Auch die Gewerkschaft will Reform der Kur
ÖGB-Chef Foglar: Kuren ändern, aber nicht abschaffen.
Peter McDonald, der Chef des Hauptverbandes der Sozialversicherungsträger, hat mit seiner Kritik am österreichischen Kursystem einen Stein ins Rollen gebracht: Er wolle „weg vom alten Kurgedanken der Adelszeit und hin zu stärkerer Gesundheitsvorsorge“, sagte der ÖVP-nahe Sozialversicherungschef in mehreren Interviews.
ÖGB-Präsident Erich Foglar reagierte verschnupft auf die medialen Ankündigungen. Eine durch „Neid und die Privilegienschiene“geprägte Sommerdebatte um die Kur sei „populistisch und nicht zielführend“, warnte er am Dienstag.
Doch auch Foglar deutete an, dass es „sinnvolle Änderungen“im Kursystem geben werde. Die Pensionsversicherungsanstalt (PVA) arbeite schon seit geraumer Zeit an dem Thema, versicherte der Gewerkschaftschef: „Das ist nicht die Erfindung des Herrn McDonald.“Es gehe um nachhaltige Veränderungen, auch im Bewusstsein der Menschen, und zwar in Richtung Verantwortungsförderung. Ein Pilotprojekt existiere, derzeit warte man auf die Evaluierung.

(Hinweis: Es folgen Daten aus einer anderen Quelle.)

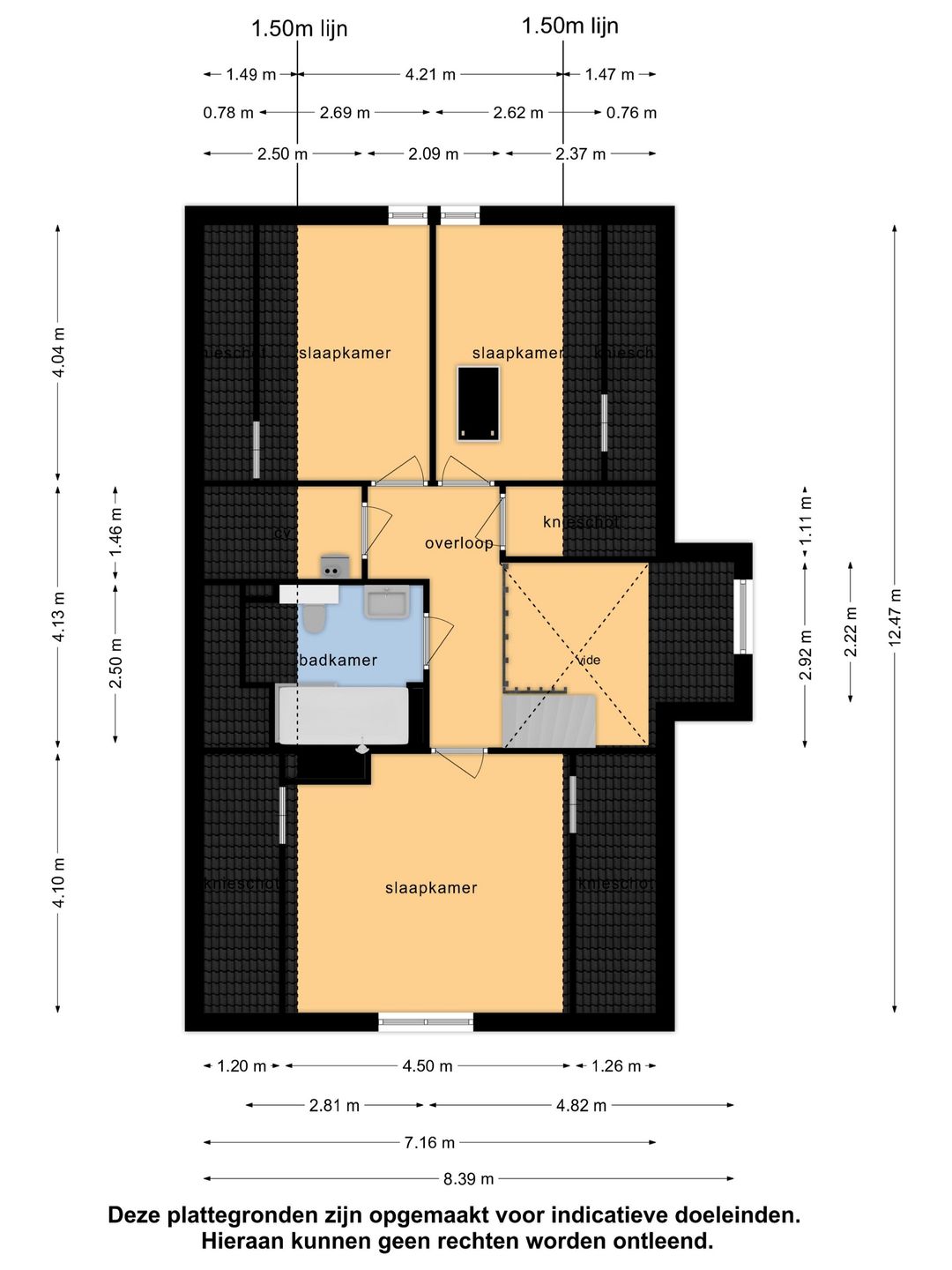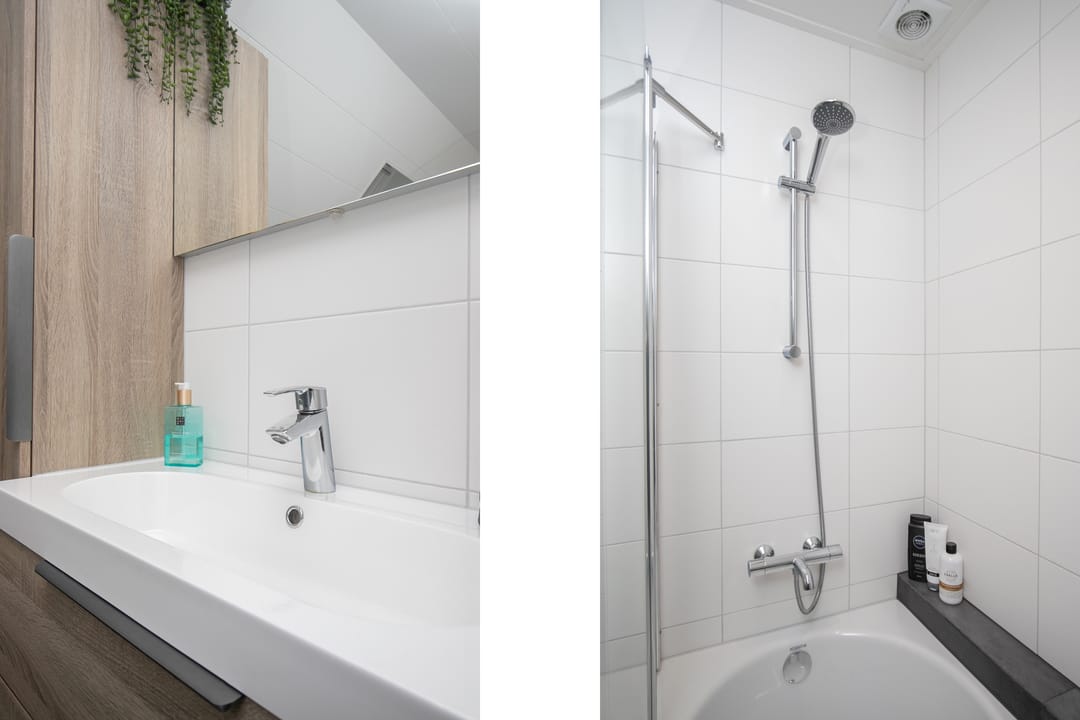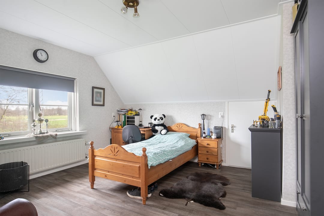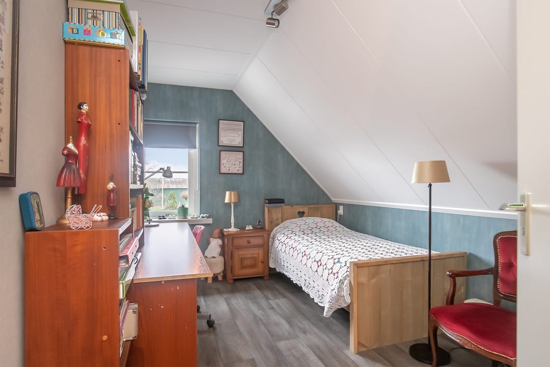 Op de verdieping bevinden zich een overloop, een prachtige open vide, drie slaapkamers, de opstelling voor de CV-ketel en een in 2023 volledig vernieuwde badkamer met (douche in het) bad, badkamermeubel en toilet. In het schuine dak boven het bad is een groot dakraam gecreëerd. De bergzolder is middels een luik bereikbaar.
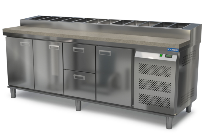 Стол для пиццы Камик СОП-322373К используется на предприятиях общественного питания и торговли для хранения пиццы, салатов, сэндвичей и других блюд и ингредиентов к ним в охлажденном состоянии.

Hintergrund der Auseinanderset- zung: Der Hauptverband der Sozialversicherungsträger ist – wie das gesamte Sozialversicherungswesen – paritätisch organisiert. In den Leitungsgremien sitzen also gleichermaßen Arbeitgeber- und Arbeitnehmervertreter. Die Fäden hinter den Kulissen ziehen demzufolge vor allem die Wirtschaftskammer (der McDonald entstammt) und der Gewerkschaftsbund. Ohne ÖGB wird es die von Hauptverbandschef McDonald gewünschte Reform nicht geben.

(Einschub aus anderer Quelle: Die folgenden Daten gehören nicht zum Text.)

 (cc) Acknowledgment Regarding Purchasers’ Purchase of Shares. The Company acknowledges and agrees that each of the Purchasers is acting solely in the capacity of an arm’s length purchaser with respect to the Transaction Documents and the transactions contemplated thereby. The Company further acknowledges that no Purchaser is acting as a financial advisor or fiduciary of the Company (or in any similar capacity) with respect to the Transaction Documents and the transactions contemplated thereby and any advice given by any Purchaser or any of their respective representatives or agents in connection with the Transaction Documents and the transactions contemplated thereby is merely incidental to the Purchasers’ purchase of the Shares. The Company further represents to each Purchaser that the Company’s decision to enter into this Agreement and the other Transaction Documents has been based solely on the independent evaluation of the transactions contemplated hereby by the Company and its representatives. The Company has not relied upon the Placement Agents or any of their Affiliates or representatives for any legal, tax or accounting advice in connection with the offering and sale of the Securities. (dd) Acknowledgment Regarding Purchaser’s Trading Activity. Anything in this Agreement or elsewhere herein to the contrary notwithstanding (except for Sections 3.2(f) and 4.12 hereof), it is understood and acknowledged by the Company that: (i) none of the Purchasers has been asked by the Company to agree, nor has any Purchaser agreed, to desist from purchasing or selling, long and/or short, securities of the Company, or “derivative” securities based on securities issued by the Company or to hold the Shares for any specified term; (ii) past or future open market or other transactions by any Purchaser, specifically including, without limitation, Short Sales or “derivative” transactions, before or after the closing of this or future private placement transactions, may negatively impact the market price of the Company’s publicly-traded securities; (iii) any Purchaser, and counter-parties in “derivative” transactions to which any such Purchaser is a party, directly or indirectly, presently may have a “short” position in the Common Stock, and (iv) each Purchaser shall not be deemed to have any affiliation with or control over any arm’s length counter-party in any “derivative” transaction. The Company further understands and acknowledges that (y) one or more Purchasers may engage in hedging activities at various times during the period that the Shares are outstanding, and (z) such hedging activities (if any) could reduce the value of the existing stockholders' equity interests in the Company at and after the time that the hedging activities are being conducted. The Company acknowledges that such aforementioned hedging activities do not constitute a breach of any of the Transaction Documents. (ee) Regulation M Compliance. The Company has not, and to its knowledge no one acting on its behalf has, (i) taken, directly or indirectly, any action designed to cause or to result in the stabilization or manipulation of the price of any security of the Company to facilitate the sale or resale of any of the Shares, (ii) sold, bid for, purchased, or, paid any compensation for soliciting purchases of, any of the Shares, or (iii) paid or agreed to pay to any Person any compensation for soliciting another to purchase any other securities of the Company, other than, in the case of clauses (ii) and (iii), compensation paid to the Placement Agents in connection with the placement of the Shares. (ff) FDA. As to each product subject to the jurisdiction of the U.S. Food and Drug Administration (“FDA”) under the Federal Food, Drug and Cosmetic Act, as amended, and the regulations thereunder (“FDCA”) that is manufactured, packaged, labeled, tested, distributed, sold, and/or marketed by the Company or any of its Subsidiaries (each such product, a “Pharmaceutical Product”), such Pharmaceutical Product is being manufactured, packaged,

ÖGB-Präsident Foglar stellte am Dienstag klar, dass die Kur unverzichtbar sei. „Wir brauchen sie dringend.“Derzeit würden alle, die sie in Anspruch nehmen, in einen Topf geschmissen, kritisierte er. Schwer belastete Berufe gebe es aber auch heute noch, und all jene, die am Haltungs- und Stützapparat nachhaltig geschädigt würden, brauchten sie zur Linderung ihrer Beschwerden.

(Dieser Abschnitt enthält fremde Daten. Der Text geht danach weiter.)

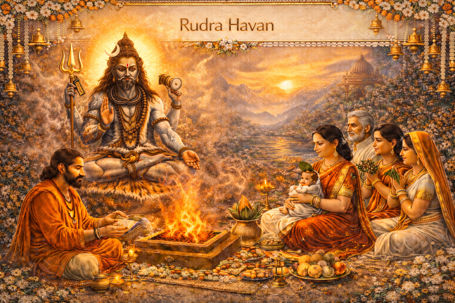 Rudra Havan is performed to receive Lord Shiva’s blessings.
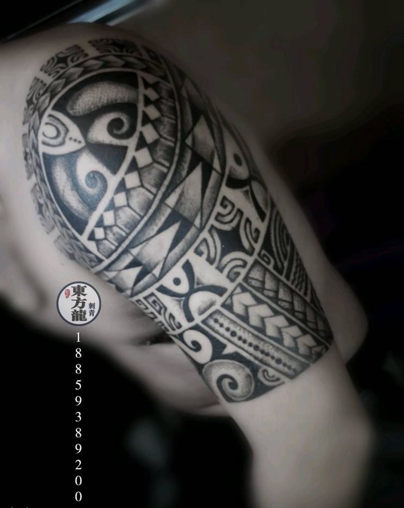 当前位置: 首页 >福建省宁德市纹身店-宁德市蕉城区蕉南东方龙刺青店纹身图案>图腾包臂纹身图片_手臂图腾纹身图案
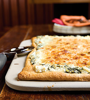 3. In a large saucepan, cook onion, green onion, and garlic in remaining 1 tablespoon olive oil over medium heat for 4 minutes. Add spinach, and cook for 5 minutes, or until spinach is wilted and all liquid cooks out. Add cream cheese, salt, and Italian seasoning and cook, stirring frequently, until well blended. Spread mixture onto prepared crust. Top with mozzarella and Parmesan cheeses.
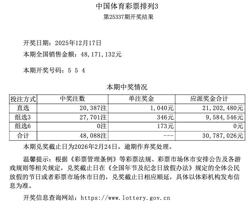 排列3 第25337期开奖 5 5 4

Der Verband der pharmazeutischen Industrie (Pharmig) zeigte sich am Dienstag reformbereit. „Kritisches Hinterfragen“der Kur heiße nicht kürzen oder streichen, erklärte Generalsekretär Jan Oliver Huber in einer Aussendung. Die Kritik an Hauptverbandschef McDonald sei daher unangebracht. Es müsse möglich sein, „einzelne Leistungen dahingehend zu überprüfen, ob sie noch zeitgemäß sind – aktuell etwa, ob die heutige Form der Kur noch ihrem ursprünglichen Sinn entspricht. Damit wird auf transparente Art und Weise der Einsatz der Gelder der Versicherten hinterfragt.“
Nur die FPÖ steigt auf die Bremse. Gesundheitssprecherin Dagmar Belakowitsch-Jenewein befürchtet, „dass die Reform und Weiterentwicklung der Kur, von der McDonald spricht, in einer Verschlechterung und Reduzierung des Angebots für die Versicherten mündet“.
Martin Gleitsmann, Sozialexperte der Wirtschaftskammer, forderte eine genaue Zielvorgabe für Kuren. Wenn jemand mit noch mehr Übergewicht als bei der ersten Kur einen weiteren Kurantrag stelle, müsse man dies hinterfragen, sagte er. Grundsätzlich sollen diejenigen erreicht werden, die wirkliche Gesundheitsschäden haben.